Abstract

Abstract This chapter is concerned with the so-called ‘prerogative courts’ or ‘conciliar courts’, which were associated with the king’s council. They followed a bill-procedure similar to that of the Chancery, without juries, and applied equity. As with the Chancery, their claims to encroach on the common law by granting injunctions, and their use of imprisonment, were constantly challenged. The Star Chamber—the whole council sitting at Westminster, attended by the chief justices—was legally immemorial and beyond such challenges; but its power to enforce a monetary judgment was questioned in 1614, when the judges were overruled by the councillors.

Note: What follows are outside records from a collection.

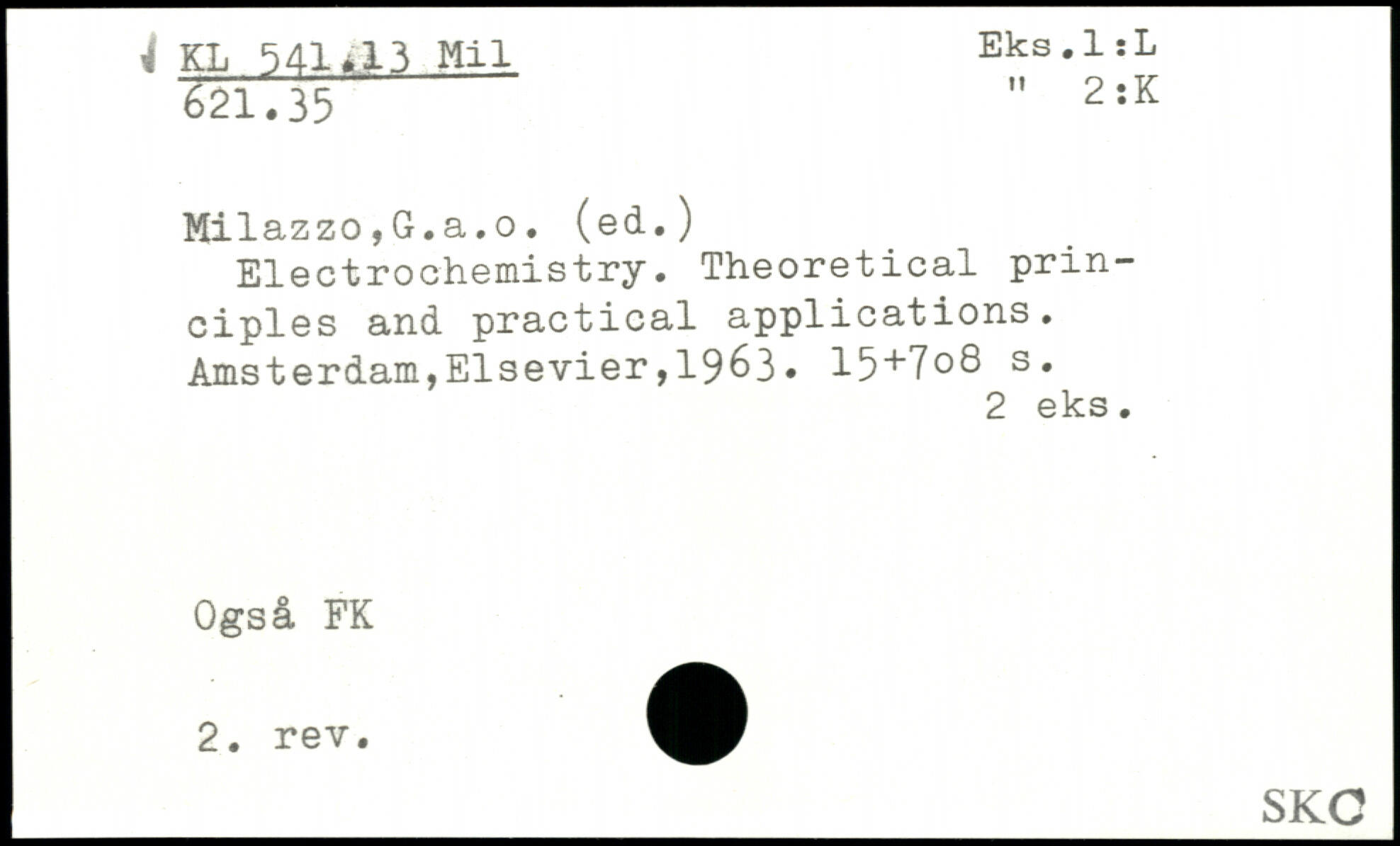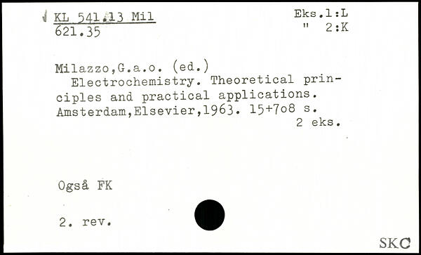 Milazzo,G.a.o. (ed.) Electrochemistry. Theoretical principles and practical applications.
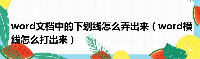 word文档中的下划线怎么弄出来(word横线怎么打出来)
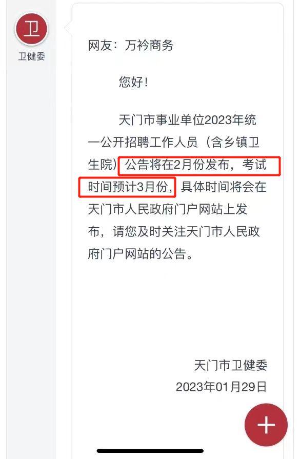 天門衛(wèi)健委回復(fù):天門市事業(yè)單位2023年統(tǒng)一公開招聘工作人員(含鄉(xiāng)鎮(zhèn)衛(wèi)生院)公告將在2月份發(fā)布,考試時(shí)間預(yù)計(jì)3月份……
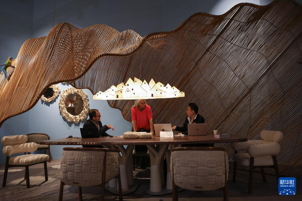 4月21日,在意大利米兰国际会展中心,展商在米兰家具展上洽谈。

The Court of Requests was a more recent offshoot of the council, attended by a sub-group of councillors but making decrees in its own name. Attacks on its jurisdiction, as contrary to Magna Carta, were made as early as 1501 and continued until the seventeenth century. The judges regarded it with disfavour as having no legal basis, but it was protected by the Privy Council and survived until 1641, when conciliar jurisdiction was abolished. The warmest disputes with the judges involved the two provincial councils in the North and in the Marches of Wales, which wielded strong coercive powers under forceful presidents. Although Chief Justice Coke claimed some victories in curbing their powers, they survived until formal abolition. Many of these disputes were fought through the medium of habeas corpus.